Adding pertuzumab to a combination of trastuzumab and docetaxel chemotherapy extended progression-free survival by a median of 6.1 months in patients with metastatic HER2-positive breast cancer compared with patients who received the combination therapy with placebo. These exciting data from the international phase 3, double-blind, randomized CLEOPATRA trial were presented during the 2011 CTRC-AACR San Antonio Breast Cancer Symposium.
In CLEOPATRA, 808 patients with centrally confirmed HER2-positive metastatic or locally recurrent, unresectable breast cancer were randomly assigned to receive trastuzumab and docetaxel chemotherapy in combination with pertuzumab (N=402) or placebo (N=406). Patients who received pertuzumab in combination with trastuzumab and docetaxel experienced a 38% reduction in the risk of disease progression. The median progression-free survival improved from 12.4 months in the trastuzumab plus docetaxel arm to 18.5 months in patients receiving pertuzumab, trastuzumab and docetaxel.
“This is huge. It is very uncommon to have a clinical trial showing this level of improvement in progression-free survival” says senior investigator José Baselga, MD, PhD (Massachusetts General Hospital cancer center, Boston, USA). “Most metastatic patients with HER2 positive breast cancer eventually stop responding to trastuzumab, so the fact that we now have an agent that can be added to the current treatment in order to delay progression is very exciting.”
Pertuzumab is designed to work in combination with trastuzumab as a dual blockade of HER2 signaling, which fuels about one third of all breast tumors. Both drugs are monoclonal antibodies that bind to the HER2 receptor protein in different locations. Pertuzumab’s role is to prevent the receptor from linking to HER3, forming a “dimer” that further signals tumor growth. “These two agents offer a dual HER2 blockade, shutting down different mechanisms responsible for HER2 signaling,” Baselga said. The addition of pertuzumab to trastuzumab and docetaxel also resulted in a significant increase in the overall response rate from 69.3% to 80.2% (P=0.0011). Although overall survival data are not yet mature, Baselga reported 69 deaths among the 402 patients treated with the three-drug combination and 96 deaths among the 406 patients who only received trastuzumab and docetaxel.

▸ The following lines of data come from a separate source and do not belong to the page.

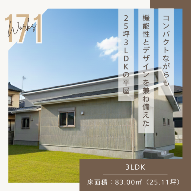 施工事例171『コンパクトながらも機能性とデザインを兼ね備えた25坪3LDKの平屋』
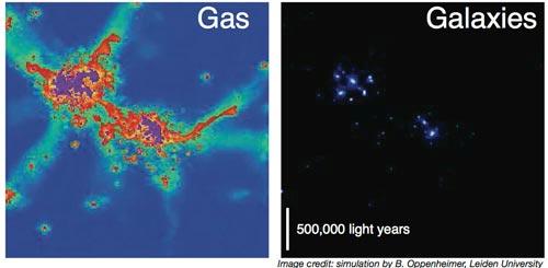 研究人员利用哈勃望远镜的两个紫外光谱仪(宇宙起源光谱仪和太空望远镜成像光谱仪),观察显示现代星系周围的气团中,有大量的冷气体,却只有极少量的重元素。重元素的缺乏表明,这种气体处于星系的“环星系介质”中,并未经过恒星的强烈加工。由于气体中原子能消除少量的光,当来自类星体的光穿过星系周围的气体时,化学元素就会留下带有特征光谱的“指纹”,天文学家就能凭此研究星系附近气体的理化性质。
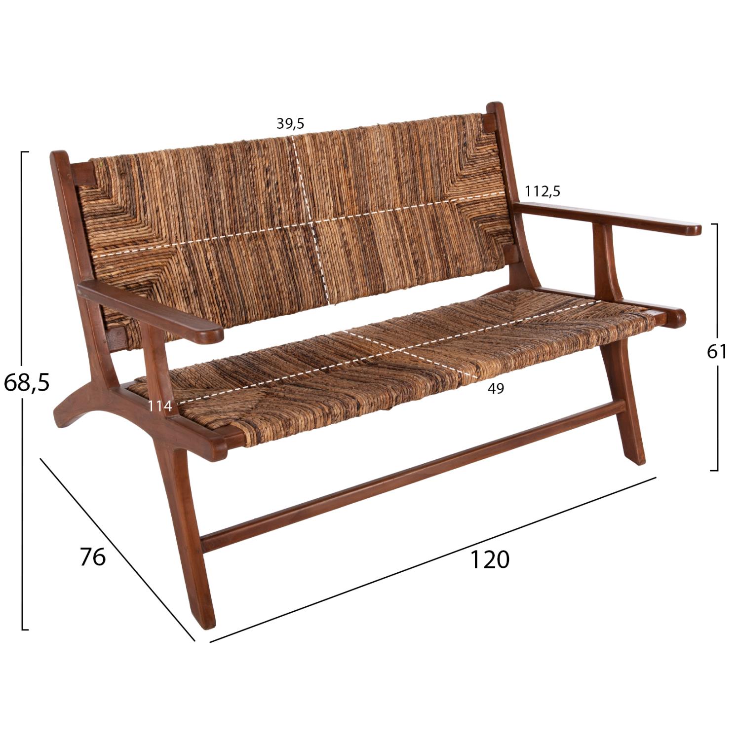 Ο καναπές 2 θέσεων TONDO είναι κοντός και φαρδύς με μπράτσα απαράμιλλης ομορφιάς. Ο πανέμορφος σκελετός του είναι από ποιοτικό ξύλο σε ΚΑΡΥΔΙ χρώμα, ενώ τόσο η μεσαίου ύψους πλάτη όσο και το φαρδύ κάθισμα αποτελούνται από σχοινί μπανάνας (ψάθα) στο ΦΥΣΙΚΟ του χρώμα. Οι σχεδιαστικές γραμμές είναι κομψές και με γνώμονα την άνεση του χρήστη, με χαρακτηριστικό παράδειγμα το κοντό κάθισμα με την έντονη κλίση και την πλάτη με την επίσης χαρακτηριστική κλίση προς τα πίσω.
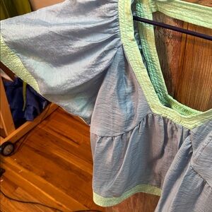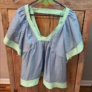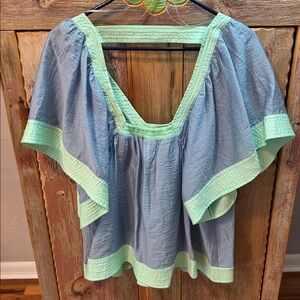 ANTHROPOLOGIE Colorblock Baby Doll Top Blue & Green Size Large.
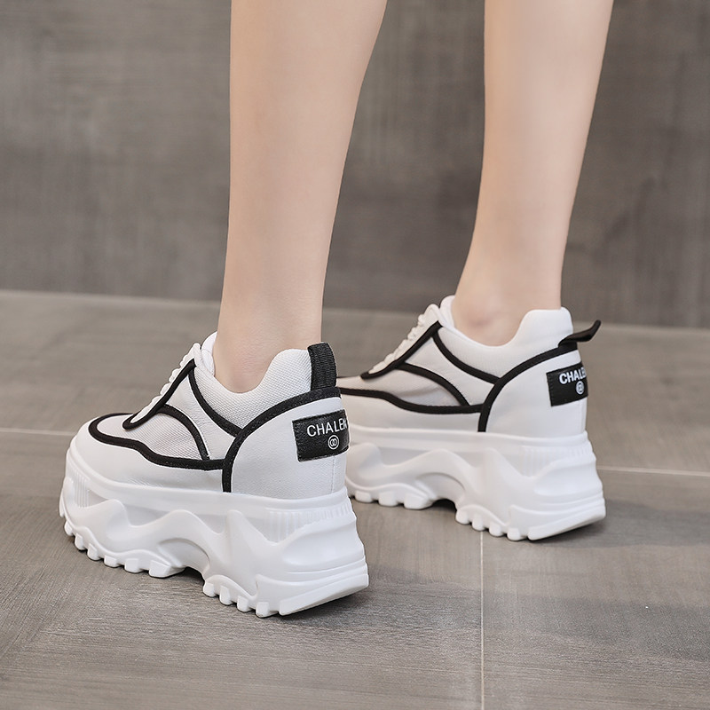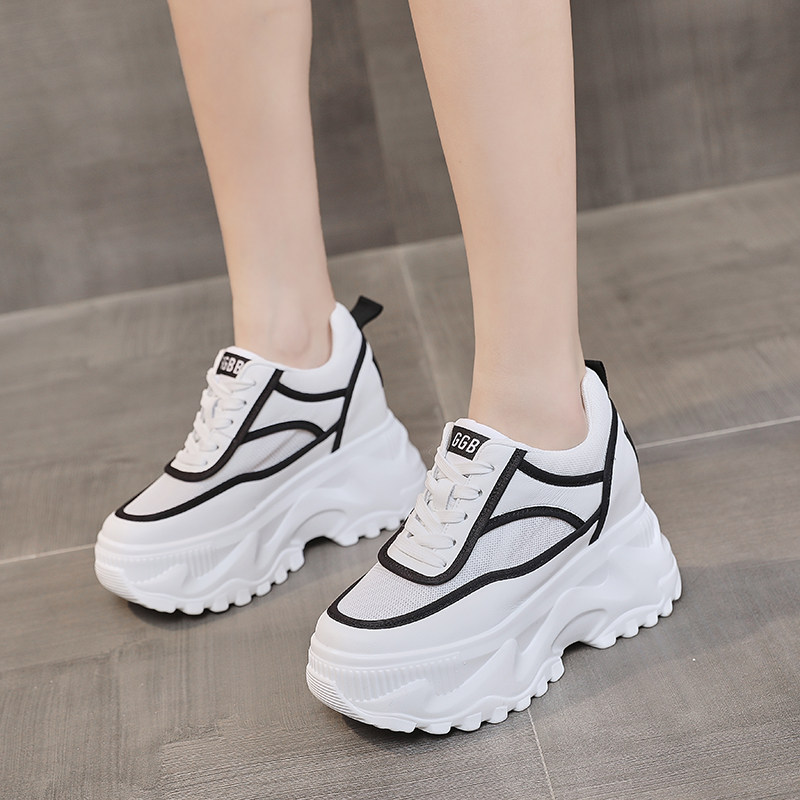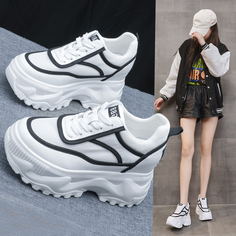 内增高女鞋春秋老爹鞋女透气拼色小个子超高跟系带白色圆头运动鞋
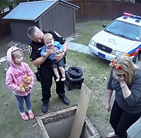 The shed was cluttered with gardening tools and old furniture, the floor covered with a thick layer of dust. My heart pounded in my chest as an officer began to pull back a loose wooden plank, revealing a small, hidden compartment beneath. And there, nestled among the shadows, was my son Noah.
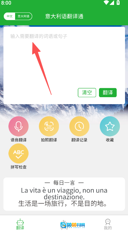 《意大利语翻译通》是一款意大利语翻译类软件,支持输入词语或句子进行翻译,含语音翻译拍照翻译功能,配备翻译记录收藏拼写检查工具,设每日一言板块展示双语内容,可切换语言方向,完成翻译操作后获取对应译文,助力意大利语与中文间的互译,满足不同场景下的翻译需求,提供辅助工具及内容板块,丰富翻译相关的使用体验。

Interestingly, this impressive clinical benefit for the three-drug combination did not come at the cost of excessive toxicity. No new safety signals were observed and the adverse events were consistent with what has been reported in previous studies of pertuzumab and trastuzumab. Only minimal side effects were seen with the addition of pertuzumab. Some of those effects were grade 1 and 2 diarrhoea and neutropenia, but no additional cardiac toxicity was seen.
Enrollment is already underway in a new double-blind, randomized clinical trial, APHINITY, to test the use of pertuzumab as adjuvant treatment for early-stage HER2-positive breast cancer. “It is in that setting that patients can really be cured,” Baselga concluded.